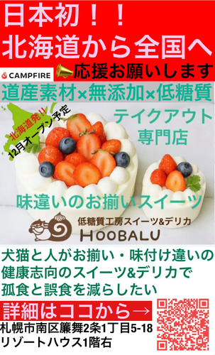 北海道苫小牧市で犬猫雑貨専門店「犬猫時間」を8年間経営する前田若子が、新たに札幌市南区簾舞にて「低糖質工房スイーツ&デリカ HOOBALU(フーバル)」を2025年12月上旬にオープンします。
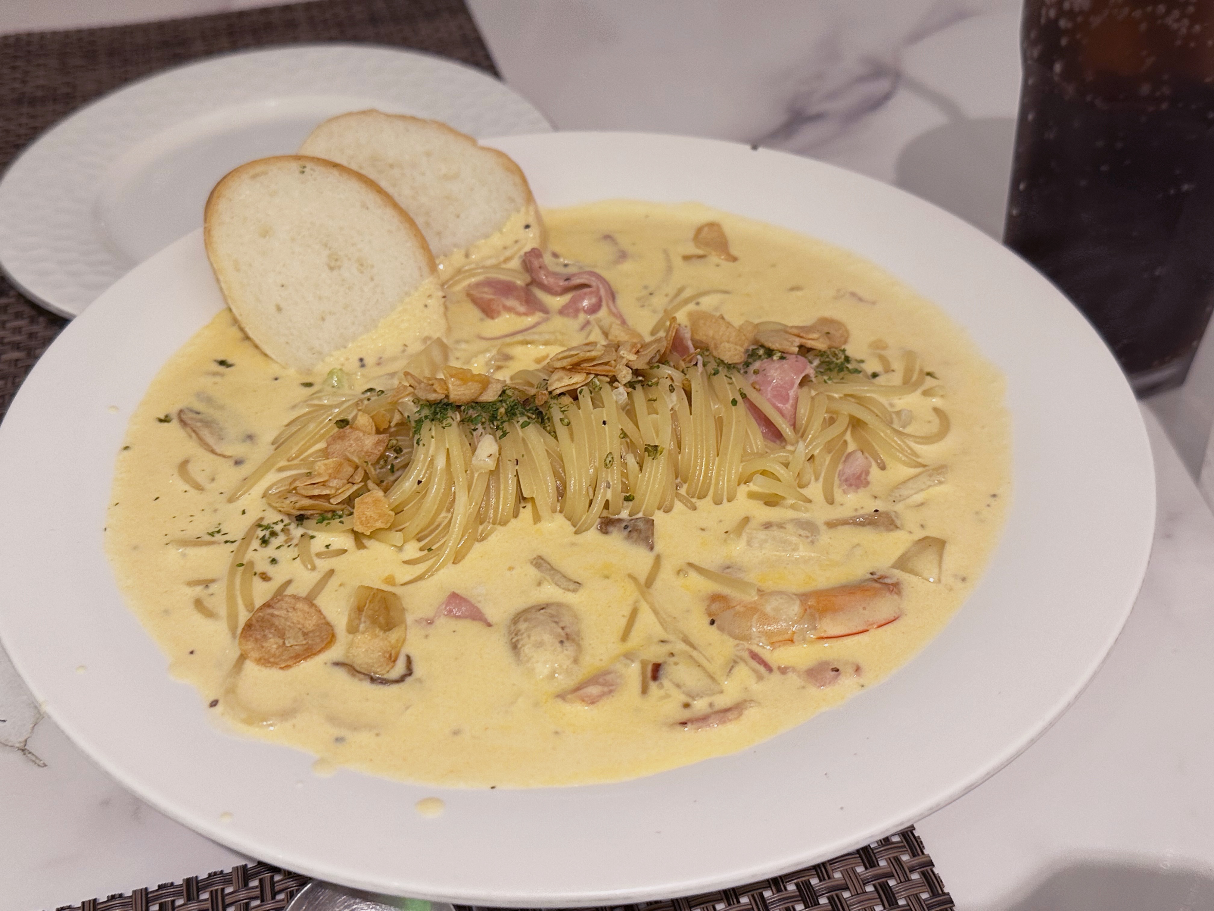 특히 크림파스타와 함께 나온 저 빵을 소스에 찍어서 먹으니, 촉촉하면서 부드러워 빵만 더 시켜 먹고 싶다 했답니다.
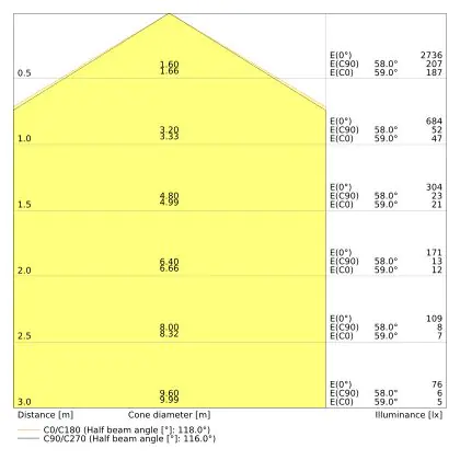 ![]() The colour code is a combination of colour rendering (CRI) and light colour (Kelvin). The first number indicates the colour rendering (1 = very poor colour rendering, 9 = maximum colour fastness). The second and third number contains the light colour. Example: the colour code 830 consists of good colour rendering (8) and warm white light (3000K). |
--
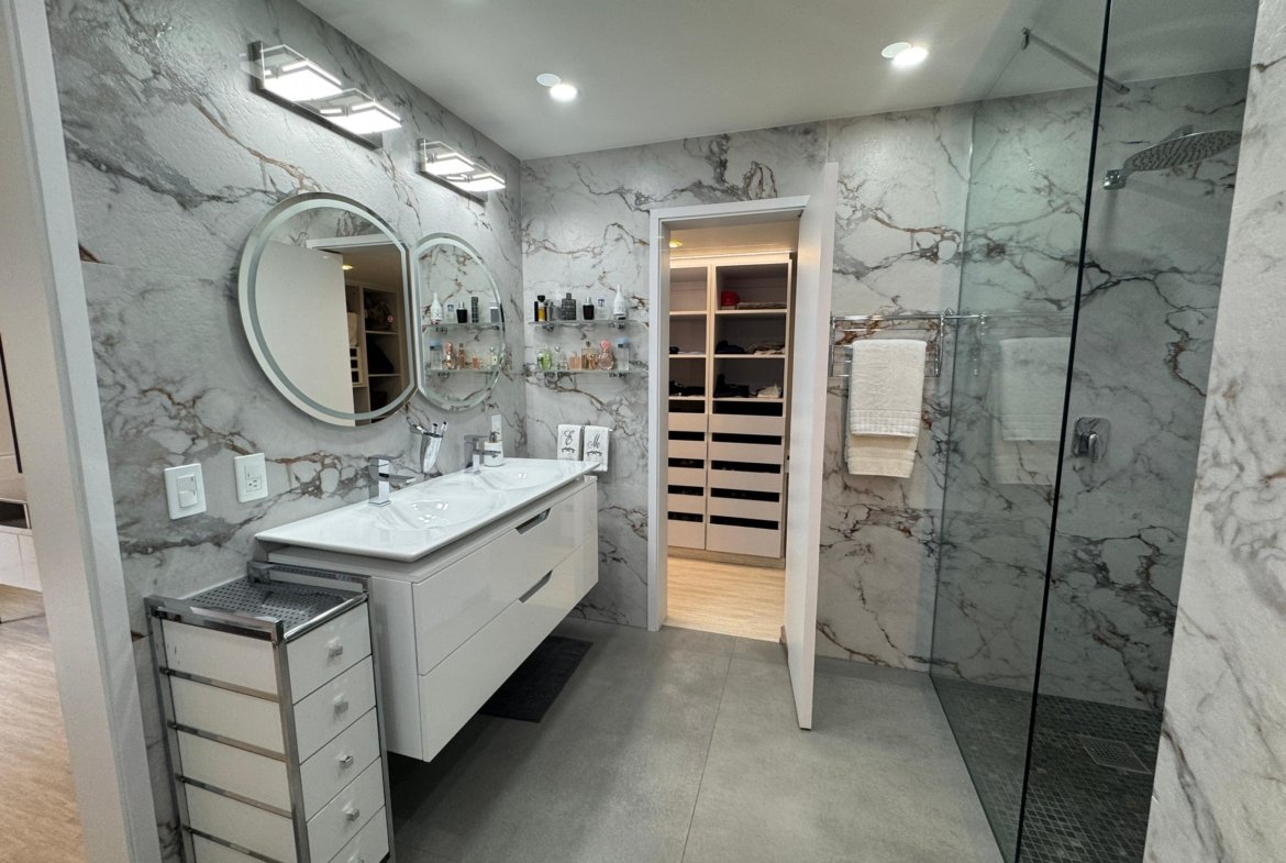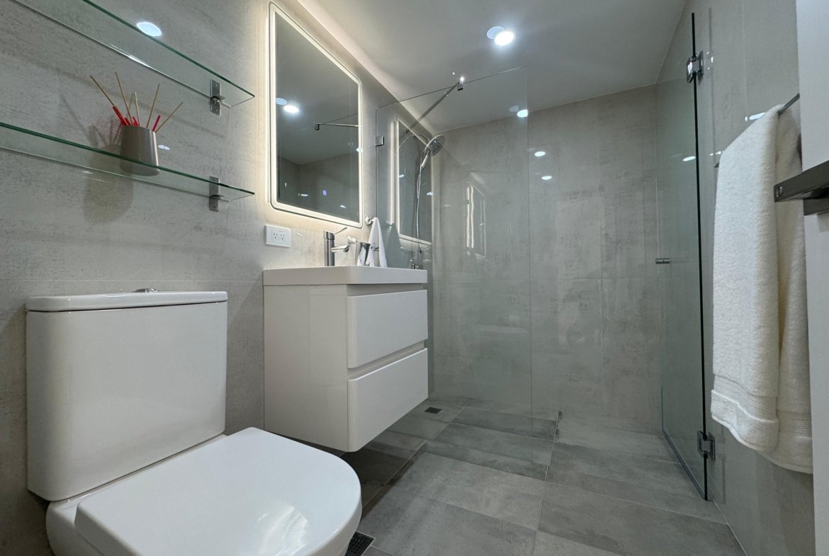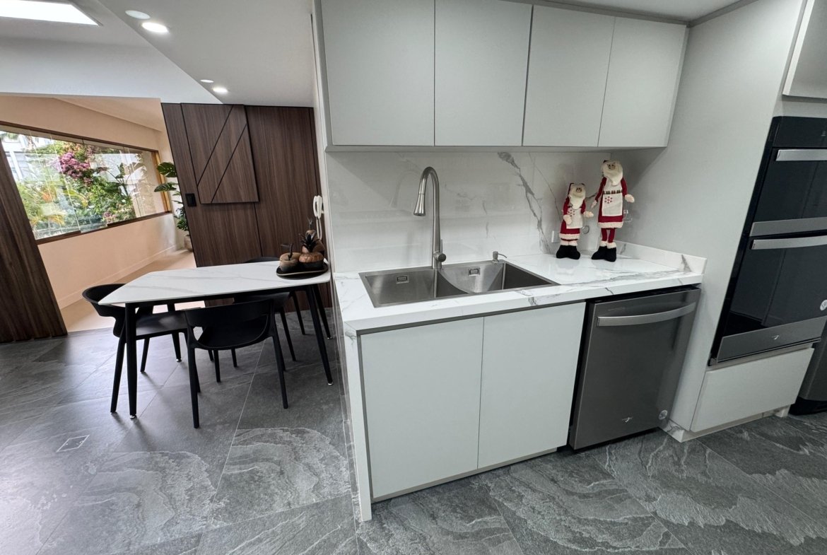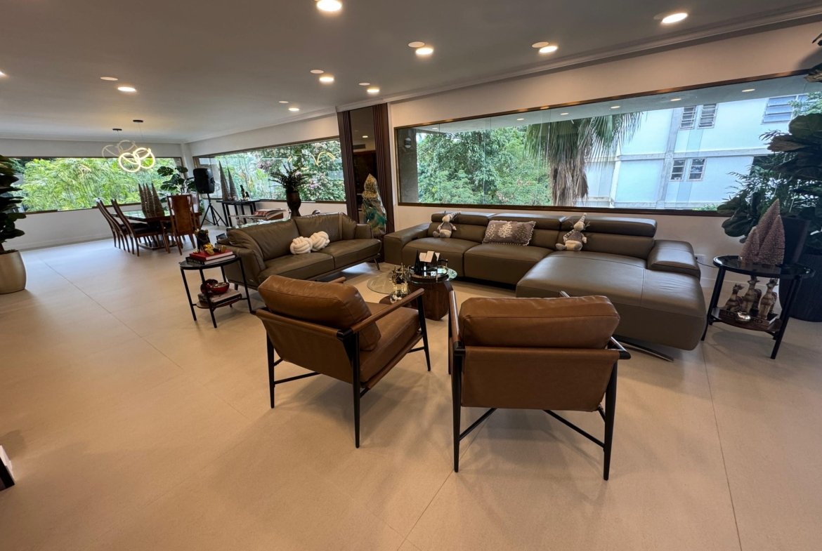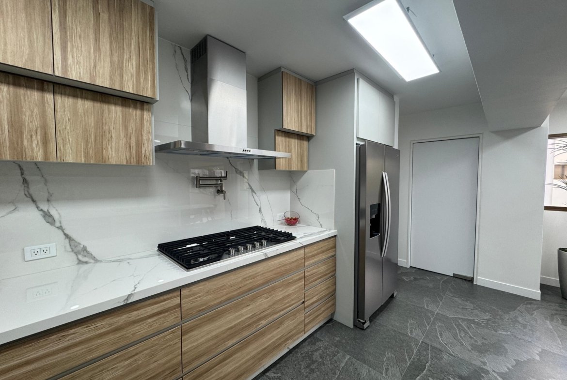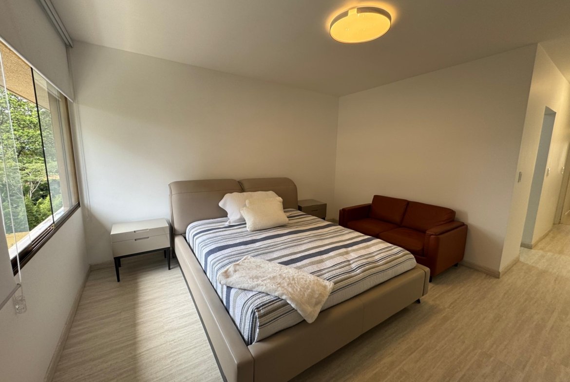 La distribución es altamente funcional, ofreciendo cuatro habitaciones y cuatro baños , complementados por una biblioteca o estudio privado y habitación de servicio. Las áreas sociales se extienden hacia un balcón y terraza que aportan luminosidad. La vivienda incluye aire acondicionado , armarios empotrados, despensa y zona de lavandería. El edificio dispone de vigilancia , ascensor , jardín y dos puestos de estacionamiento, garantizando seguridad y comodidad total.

_WHAT IS EXPECTED:_
Text only, no pictures: please print exactly the lines above from the line with "北海道苫小牧市で犬猫雑貨専門" up to and including the line with "light (3000K). |", and nothing else.

_ANSWER TO THIS TASK:_
 北海道苫小牧市で犬猫雑貨専門店「犬猫時間」を8年間経営する前田若子が、新たに札幌市南区簾舞にて「低糖質工房スイーツ&デリカ HOOBALU(フーバル)」を2025年12月上旬にオープンします。
 특히 크림파스타와 함께 나온 저 빵을 소스에 찍어서 먹으니, 촉촉하면서 부드러워 빵만 더 시켜 먹고 싶다 했답니다.
 ![]() The colour code is a combination of colour rendering (CRI) and light colour (Kelvin). The first number indicates the colour rendering (1 = very poor colour rendering, 9 = maximum colour fastness). The second and third number contains the light colour. Example: the colour code 830 consists of good colour rendering (8) and warm white light (3000K). |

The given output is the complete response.